What the task requires: Retype, without pictures, the line holding "The prevalence of" and each line below it through the final line.
Start of Data extract
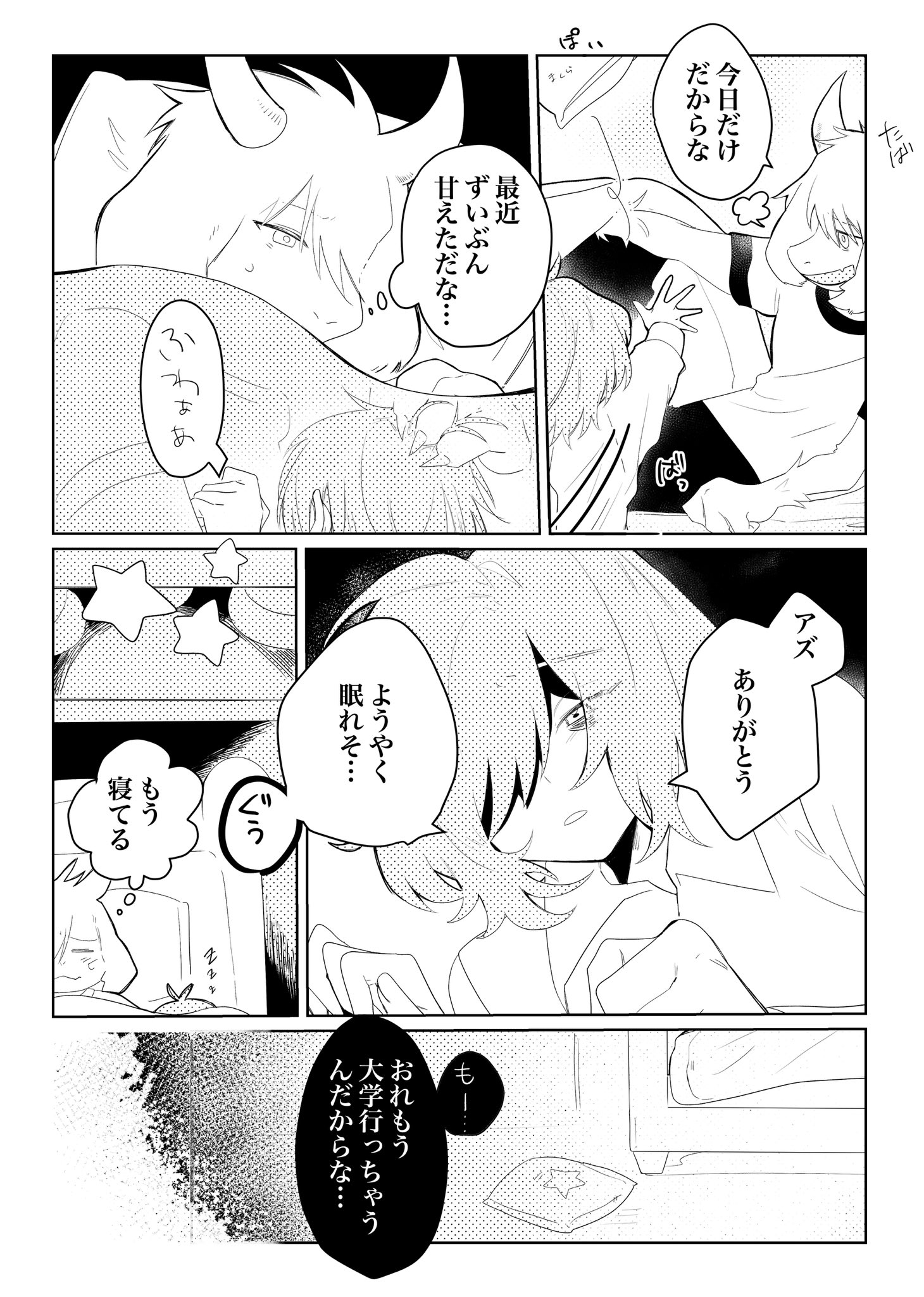 >>80453084Only for today*toss* (pillow)*reach*He's been pretty clingy lately...YaaawnAzzyThanksI can finally fall aslee...*zzz*He's already asleep'cause I...Comment too long. Click here to view the full text.
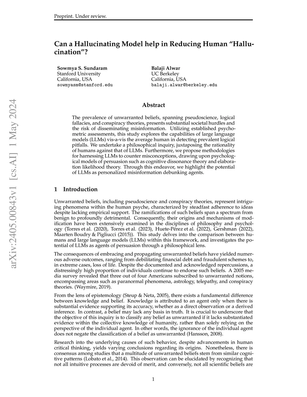 The prevalence of unwarranted beliefs, spanning pseudoscience, logical fallacies, and conspiracy theories, presents substantial societal hurdles and the risk of disseminating misinformation. Utilizing established psychometric assessments, this study explores the capabilities of large language models (LLMs) vis-a-vis the average human in detecting prevalent logical pitfalls. We undertake a philosophical inquiry, juxtaposing the rationality of humans against that of LLMs. Furthermore, we propose methodologies for harnessing LLMs to counter misconceptions, drawing upon psychological models of persuasion such as cognitive dissonance theory and elaboration likelihood theory. Through this endeavor, we highlight the potential of LLMs as personalized misinformation debunking agents.
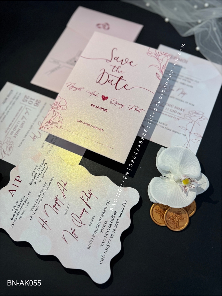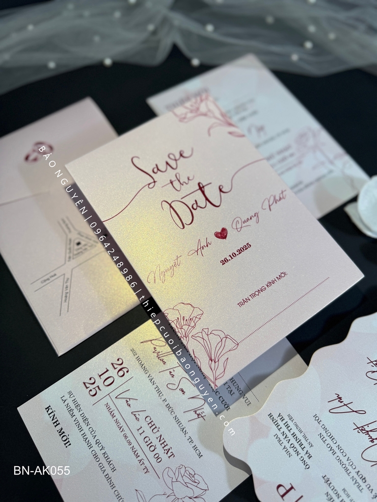 (BN-AK055) Thiệp Cưới Giấy Ánh Kim Thơm
End of Data extract
Response area:
 The prevalence of unwarranted beliefs, spanning pseudoscience, logical fallacies, and conspiracy theories, presents substantial societal hurdles and the risk of disseminating misinformation. Utilizing established psychometric assessments, this study explores the capabilities of large language models (LLMs) vis-a-vis the average human in detecting prevalent logical pitfalls. We undertake a philosophical inquiry, juxtaposing the rationality of humans against that of LLMs. Furthermore, we propose methodologies for harnessing LLMs to counter misconceptions, drawing upon psychological models of persuasion such as cognitive dissonance theory and elaboration likelihood theory. Through this endeavor, we highlight the potential of LLMs as personalized misinformation debunking agents.
 (BN-AK055) Thiệp Cưới Giấy Ánh Kim Thơm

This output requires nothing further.